AEP and subsidiaries apply the deferral methodology for the recognition of ITCs. Deferred ITCs are amortized to income tax expense over the life of the asset that generated the credit. Amortization of deferred ITCs begins when the asset is placed into service, except where regulatory commissions reflect ITCs in the rate-making process, then amortization begins when the cash tax benefit is recognized. Alternatively, PTCs reduce income tax expense as they are earned. PTCs are earned when electricity is produced.

The Registrants account for uncertain tax positions in accordance with the accounting guidance for “Income Taxes.”  The Registrants classify interest expense or income related to uncertain tax positions as interest expense or income as appropriate and classify penalties as Other Operation expense.

Excise Taxes (Applies to all Registrants except AEPTCo)

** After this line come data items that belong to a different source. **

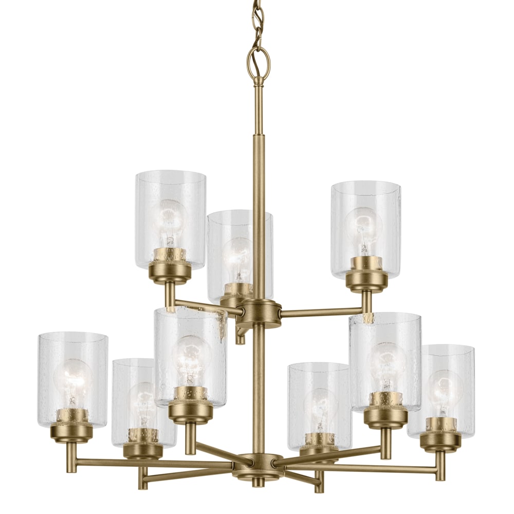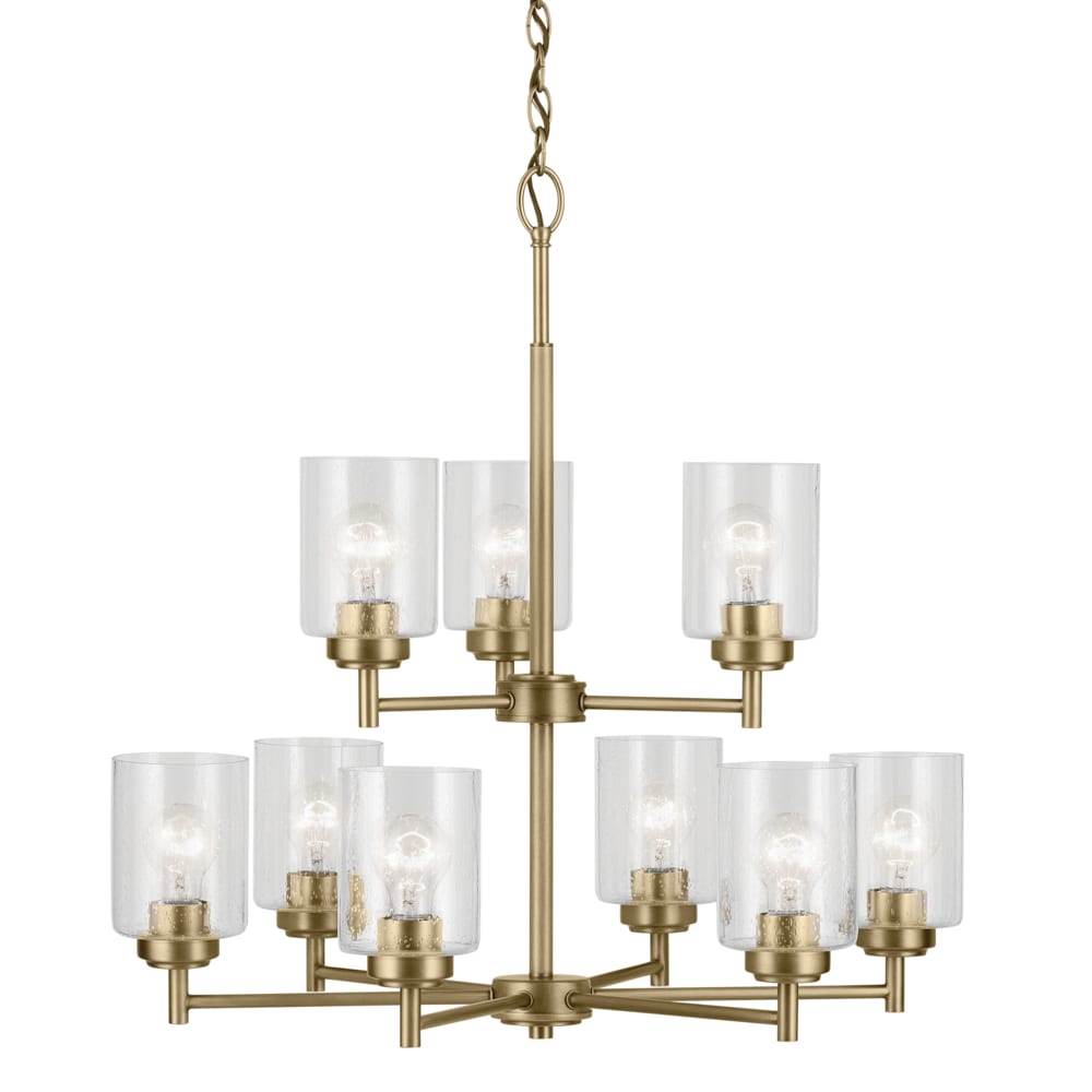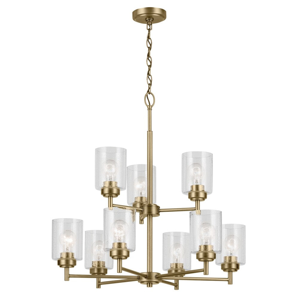 Transform your space with the Winslow 9-Light Industrial Chandelier by Kichler, featuring a sleek natural brass finish and an elegant, airy design. This chandelier combines industrial charm with modern refinement, ideal for enhancing dining rooms, kitchens, or foyers. With its clear seeded glass shades, it provides both functional lighting and a sophisticated aesthetic, fitting seamlessly into contemporary spaces.
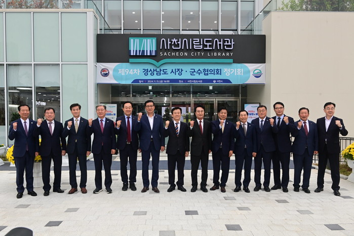 | ▲경상남도 시장·군수협의회는 15일 사천시립도서관에서 경남도내 시장·군수 14명이 참석한 가운데 제94차 정기회의를 개최했다. (사진=진주시) |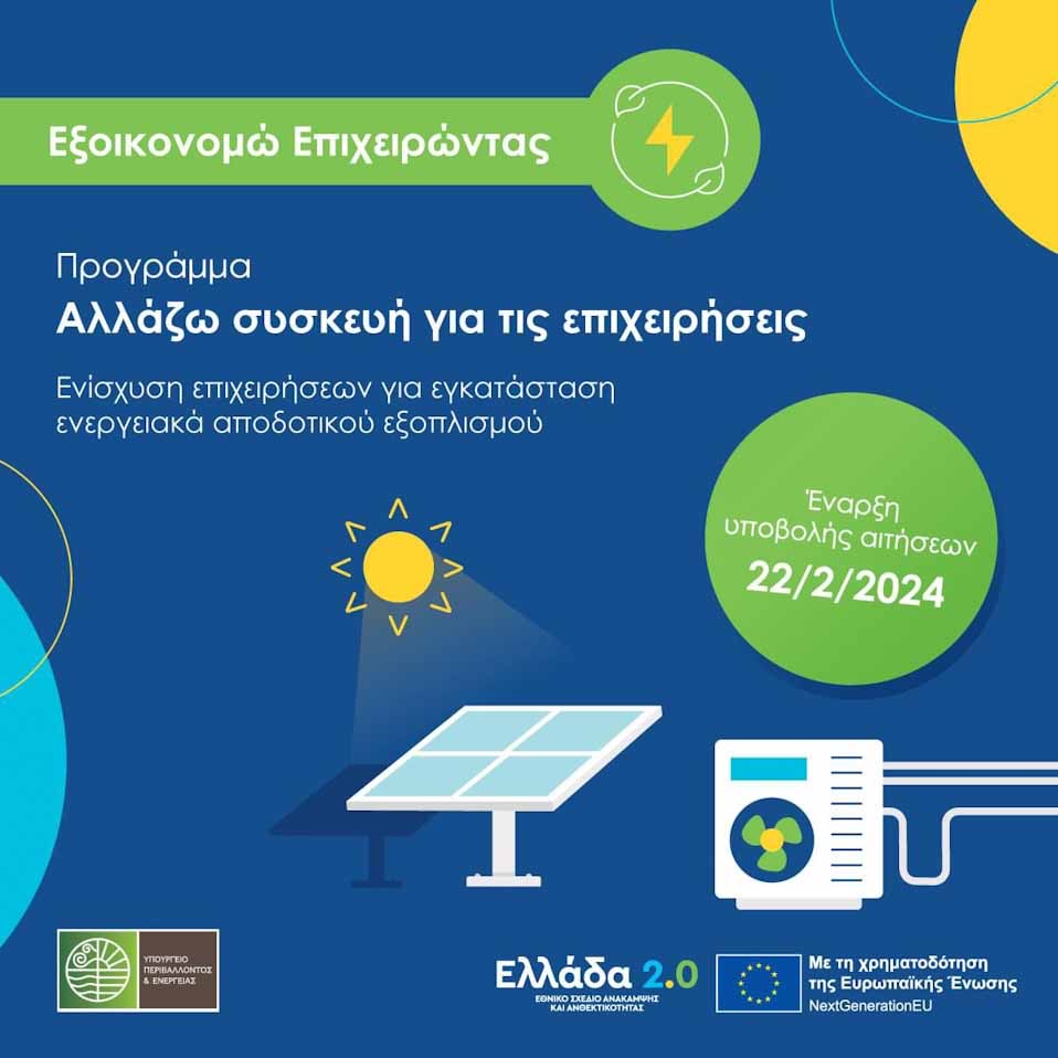 Έως τις 15 Απριλίου 2024, στις 18:00 μπορούν να υποβάλλουν τις αιτήσεις τους οι ενδιαφερόμενοι για ένταξη στο πρόγραμμα: «Αλλάζω συσκευή για τις επιχειρήσεις» του Υπουργείου Περιβάλλοντος και Ενέργειας, συνολικού ύψους 105,6 εκατ. ευρώ.

As agents for some state and local governments, the Registrants collect from customers certain excise taxes levied by those state or local governments on customers.  The Registrants do not record these taxes as revenue or expense.

Debt

Gains and losses from the reacquisition of debt used to finance regulated electric utility plants are deferred and amortized over the remaining term of the reacquired debt in accordance with their rate-making treatment unless the debt is refinanced.  If the reacquired debt associated with the regulated business is refinanced, the reacquisition costs attributable to the portions of the business that are subject to cost-based regulatory accounting are generally deferred and amortized over the term of the replacement debt consistent with its recovery in rates.  Operations not subject to cost-based rate regulation report gains and losses on the reacquisition of debt in Interest Expense on the statements of income upon reacquisition.

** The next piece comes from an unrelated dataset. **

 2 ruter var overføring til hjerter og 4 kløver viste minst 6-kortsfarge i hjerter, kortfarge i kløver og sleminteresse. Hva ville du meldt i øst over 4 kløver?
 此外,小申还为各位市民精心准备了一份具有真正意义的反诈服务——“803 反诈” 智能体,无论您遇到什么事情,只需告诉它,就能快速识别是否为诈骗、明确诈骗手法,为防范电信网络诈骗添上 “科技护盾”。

Debt discount or premium and debt issuance expenses are deferred and amortized generally utilizing the straight-line method over the term of the related debt.  The straight-line method approximates the effective interest method and is consistent with the treatment in rates for regulated operations.  The net amortization expense is included in Interest Expense on the statements of income.

Goodwill (Applies to AEP)

When AEP acquires a business, as defined by the accounting guidance for “Business Combinations,” management recognizes all acquired assets and liabilities at their fair value.  To the extent that consideration exceeds the net fair value of the identified assets and liabilities, goodwill is recognized on the balance sheets.  Goodwill is not amortized.  Management tests acquired goodwill at the reporting unit level for impairment at least annually at its estimated fair value. Fair value is the amount at which an asset or liability could be bought or sold in a current transaction between willing parties other than in a forced or liquidation sale.  Quoted market prices in active markets are the best evidence of fair value and are used as the basis for the measurement, if available.  In the absence of quoted prices for identical or similar assets in active markets, management estimates fair value using various internal and external valuation methods.  

Pension and OPEB Plans (Applies to all Registrants except AEPTCo)

AEP sponsors a qualified pension plan and two unfunded nonqualified pension plans.  Substantially all AEP employees are covered by the qualified plan or both the qualified and a nonqualified pension plan.  AEP also sponsors OPEB plans to provide health and life insurance benefits for retired employees.  The Registrant Subsidiaries account for their participation in the AEP sponsored pension and OPEB plans using multiple-employer accounting.  See Note 8 - Benefit Plans for additional information including significant accounting policies associated with the plans.

Investments Held in Trust for Future Liabilities (Applies to all Registrants except AEPTCo)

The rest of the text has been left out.